The isize and usize types depend on the kind of computer your program is running on: 64 bits if you’re on a 64-bit architecture and 32 bits if you’re on a 32-bit architecture.

Integer values can be written as:

  • Decimal: 98_222
  • Hex: 0xff
  • Octal: 0o77
  • Binary: 0b1111_0000
  • Byte (u8 only): b'A'

Integer types default is i32 - this type is generally the fastest, even on 64-bit systems.

If you set a variable you can define the type by also adding the type to the numeric value like 5u8 or with an optional underscore for better readability 5_u32.

Float

Rust’s floating-point types are f32 and f64, which are 32 bits and 64 bits in size, respectively. The default type is f64 because on modern CPUs it’s roughly the same speed as f32 but is capable of more precision.

Like for integers the _ may be used as visual separator and the type may be appended like 13_f32.

Boolean

Boolean type in Rust are defined as bool and have two possible values: true and false.

Character

Rust’s char type is specified with single quotes and represents a Unicode character.

Tuple

A tuple is an ordered list of multiple other types. To access parts of it you can destructure it or directly access sub parts.

// define
let coordinate: (i32, i32) = (25, 40);
// destructure
let (x, y) = coordinate;
println!("The value of y is: {}", y);
// direct access
println!("The value of y is: {}", coordinate.1);

As far as they contain only primary data types they are completely stored on the stack.

Array

The array gives you a list of values, all with the same type. Arrays in Rust have a fixed length at compile time and cannot grow or shrink.

let a = [1, 2, 3, 4, 5];
let second = a[1]; // access specific element

As far as they contain primary data types they are completely stored on the stack.

You can define the type with the number of elements in square brackets.

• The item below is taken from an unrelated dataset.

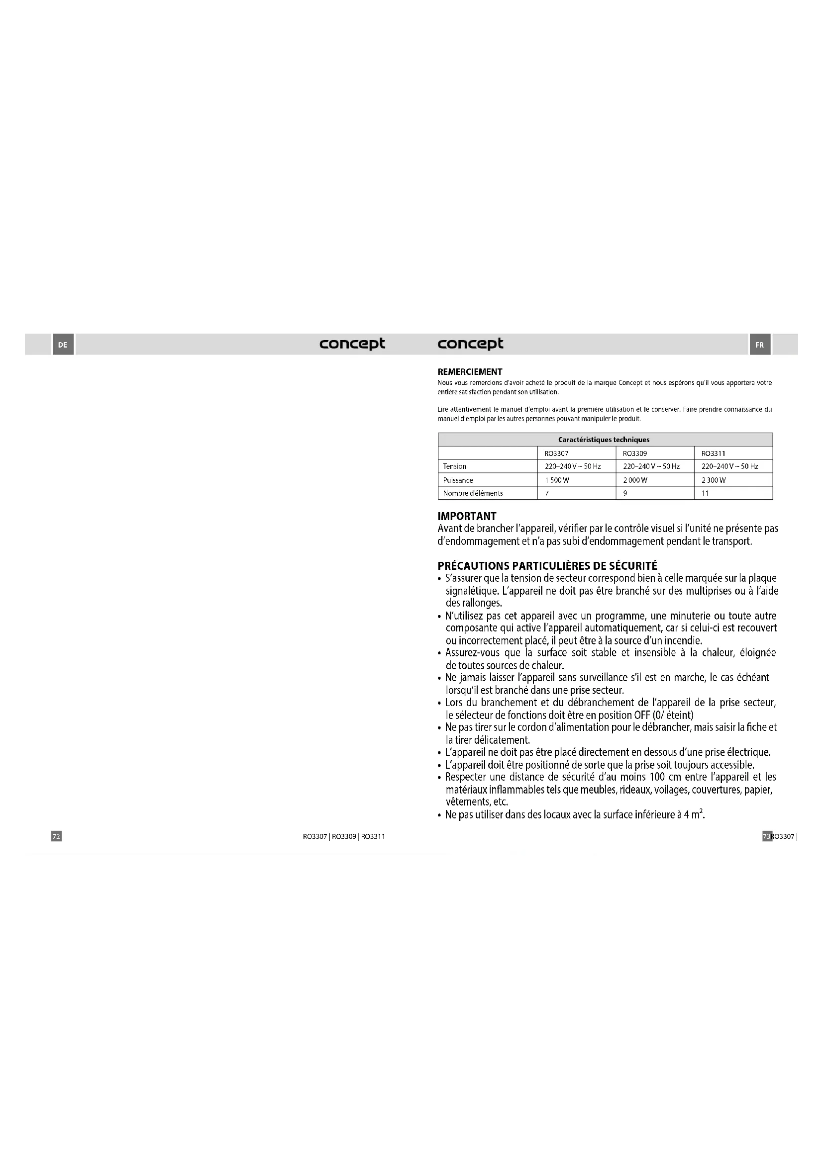 72 RO3307 | RO3309 | RO3311 Caractéristiques techniques RO3307 RO3309 RO3311 Tension 220–240 V~ 50 Hz 220–240 V~ 50 Hz 220–240 V~ 50 Hz Puissance 1 500 W 2 000 W 2 300 W Nombre d’éléments 7 9 11• La grille d’entrée et de sortie d’air doit rester dégagée (au moins 100 cm devant et 50 cm derrière l’appareil). Attention ! Lorsque l’appareil est mis en service, la grille de sortie atteint une température supérieure à 80 °C. Ne pas la toucher, elle représente un risque de brûlure.

let a: [i32; 5] = [1, 2, 3, 4, 5];

Also you can initialize the array with the same value in each element:

let a = [3; 5]; // [3, 3, 3, 3, 3]

Slices

Slices let you reference a contiguous sequence of elements in a collection like array or string (characters) rather than the whole collection.

A string slice is a reference to part of a String which is created from a String with a range that begins at start and continues up to, but not including the end position, both are optional. The type is written as &str.

let s = String::from("hello world");
let hello = &s[0..5];

String literals are also slices pointing to a position in the binary.

Slices are also possible on arrays:

let a = [1, 2, 3, 4, 5];
let slice = &a[1..3];

Here the type is &[i32].

Literals

Numeric literals can be type annotated by adding the type as a suffix. As an example, to specify that the literal 42 should have the type i32, write 42i32.

String literals are string slices pointing to the area in the binary: let s = "hello" is the same type &str like a literal from a String: let s = &my_string[..].

Custom Types

Structs

Structs are one possibility to create objects. They are similar to tuples but with named elements, so that it is clear, what each element is. As a result the order of the elements isn't of matter.

struct User {
    name: String,
    email: String,
    online: bool,
}
let mut user1 = User {
    email: String::from("someone@example.com"),
    name: String::from("someone"),
    online: true,
};
user1.email = String::from("anotheremail@example.com");

// if variable name and struct field is the same the creation can be simplified
fn build_user(email: String, name: String) -> User {
    User {
        email,
        name,
        online: true,
    }
}

To create a new instance partly of the old one the .. before the variable name specifies that the undefined fields should have the same field as the specified object.

let user2 = User {
    email: String::from("another@example.com"),
    username: String::from("anotherusername567"),
    ..user1
};

Also you can define structs like tuples without naming the data pieces.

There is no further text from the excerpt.